DIRECTIONS FOR THIS TASK →
Pictures stay out of the output. Return exactly the lines below from the one with "Ультрамодне портмоне виконане" down to the one with "Museum-quality poster on", both included, and nothing more.

RECORDS FOR THIS EXERCISE →
-- Opening Marker --

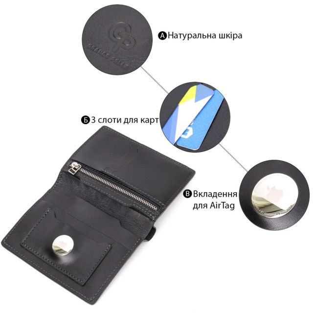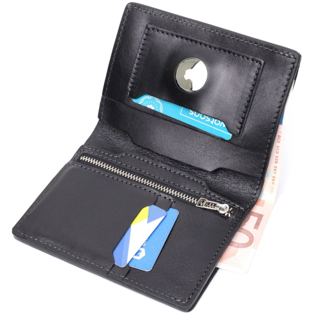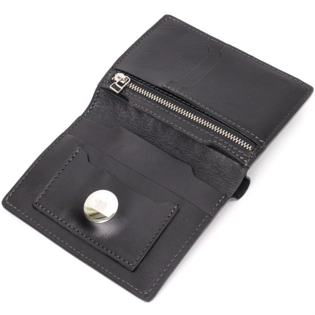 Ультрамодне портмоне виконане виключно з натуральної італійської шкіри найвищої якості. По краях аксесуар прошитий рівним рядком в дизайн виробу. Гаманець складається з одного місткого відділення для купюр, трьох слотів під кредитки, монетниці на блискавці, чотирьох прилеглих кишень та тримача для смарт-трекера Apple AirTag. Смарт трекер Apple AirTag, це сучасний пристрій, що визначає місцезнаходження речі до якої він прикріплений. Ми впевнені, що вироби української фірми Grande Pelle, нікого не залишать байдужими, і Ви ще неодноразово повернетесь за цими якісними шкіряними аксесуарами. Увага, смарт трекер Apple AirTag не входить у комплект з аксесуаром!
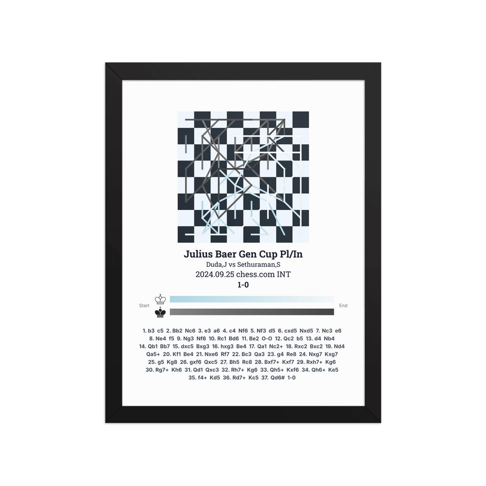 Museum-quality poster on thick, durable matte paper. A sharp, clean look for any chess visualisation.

-- Closing Marker --
-- Opening Marker --

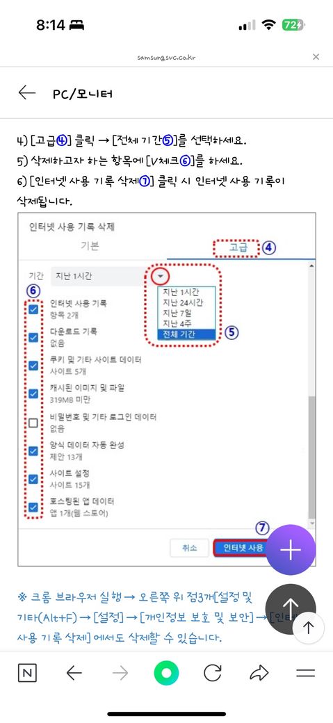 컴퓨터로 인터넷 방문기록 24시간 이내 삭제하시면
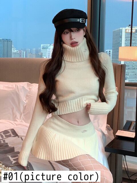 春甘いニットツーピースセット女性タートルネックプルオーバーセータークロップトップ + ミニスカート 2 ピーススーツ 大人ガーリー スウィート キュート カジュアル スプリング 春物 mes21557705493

-- Closing Marker --
-- Opening Marker --

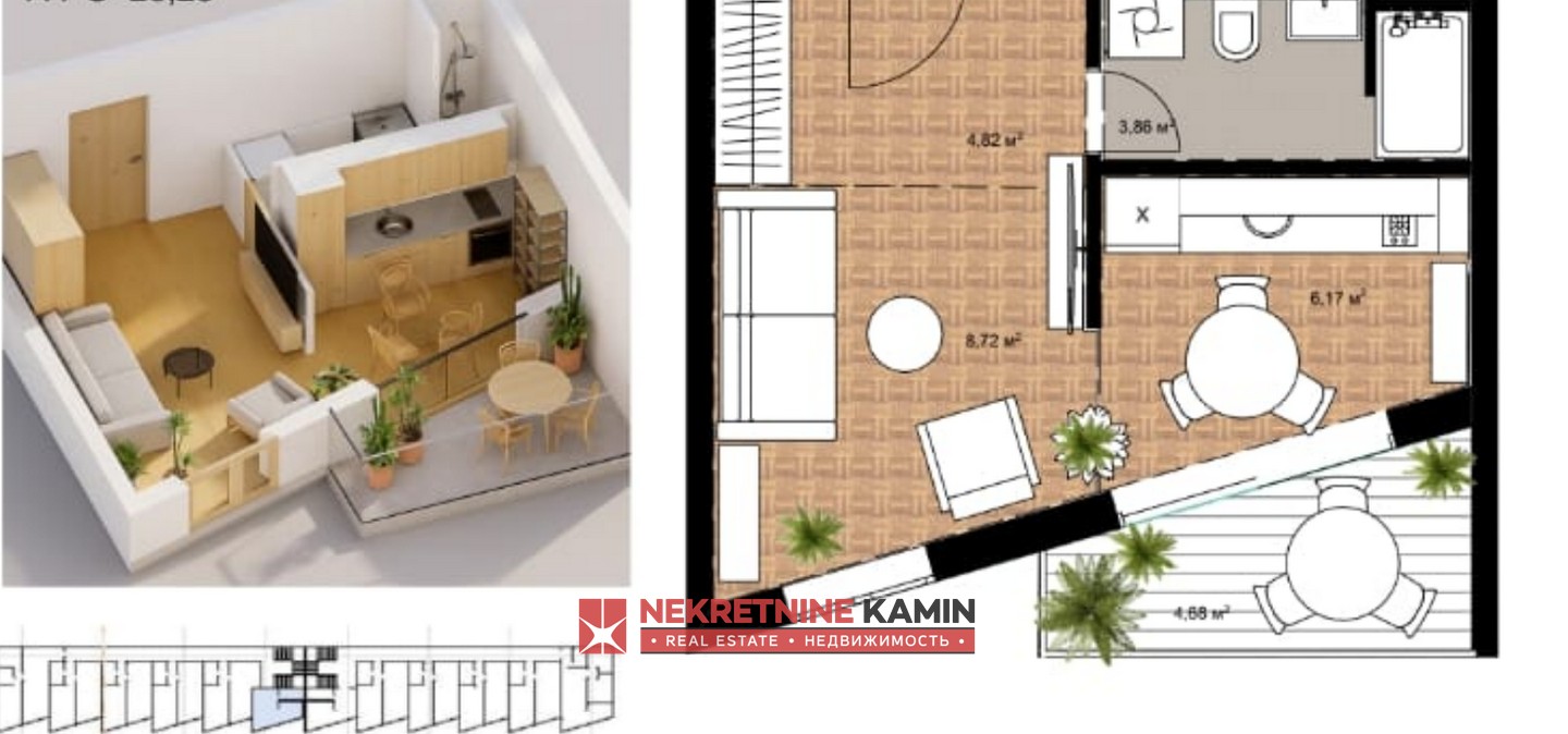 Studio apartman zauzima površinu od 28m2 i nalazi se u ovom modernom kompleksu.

-- Closing Marker --

PROBLEM SOLUTION →
 Ультрамодне портмоне виконане виключно з натуральної італійської шкіри найвищої якості. По краях аксесуар прошитий рівним рядком в дизайн виробу. Гаманець складається з одного місткого відділення для купюр, трьох слотів під кредитки, монетниці на блискавці, чотирьох прилеглих кишень та тримача для смарт-трекера Apple AirTag. Смарт трекер Apple AirTag, це сучасний пристрій, що визначає місцезнаходження речі до якої він прикріплений. Ми впевнені, що вироби української фірми Grande Pelle, нікого не залишать байдужими, і Ви ще неодноразово повернетесь за цими якісними шкіряними аксесуарами. Увага, смарт трекер Apple AirTag не входить у комплект з аксесуаром!
 Museum-quality poster on thick, durable matte paper. A sharp, clean look for any chess visualisation.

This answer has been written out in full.